*Problem description*
Would you repeat the data below exactly, taking out the images?

*Source material*
╔══
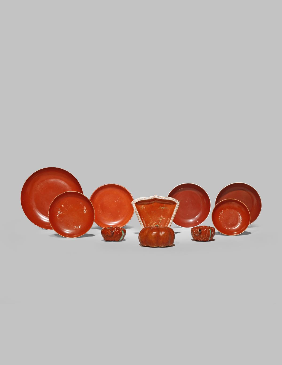 Comprising a pair of water droppers formed as lotus seed pods, a water dropper formed as a gourd, a fan-shaped dish and six circular dishes, the largest with a six character Hongzhi mark, 21.6cm. (10)
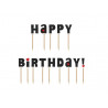 Topper Happy Birthday! - PartyDeco - czarny, 9,2 cm
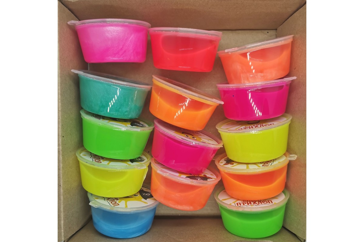 В наборе 14 баночек со слаймами по 50 гр разных цветов
╚══
*Answer to the problem*
 Comprising a pair of water droppers formed as lotus seed pods, a water dropper formed as a gourd, a fan-shaped dish and six circular dishes, the largest with a six character Hongzhi mark, 21.6cm. (10)
 Topper Happy Birthday! - PartyDeco - czarny, 9,2 cm
 В наборе 14 баночек со слаймами по 50 гр разных цветов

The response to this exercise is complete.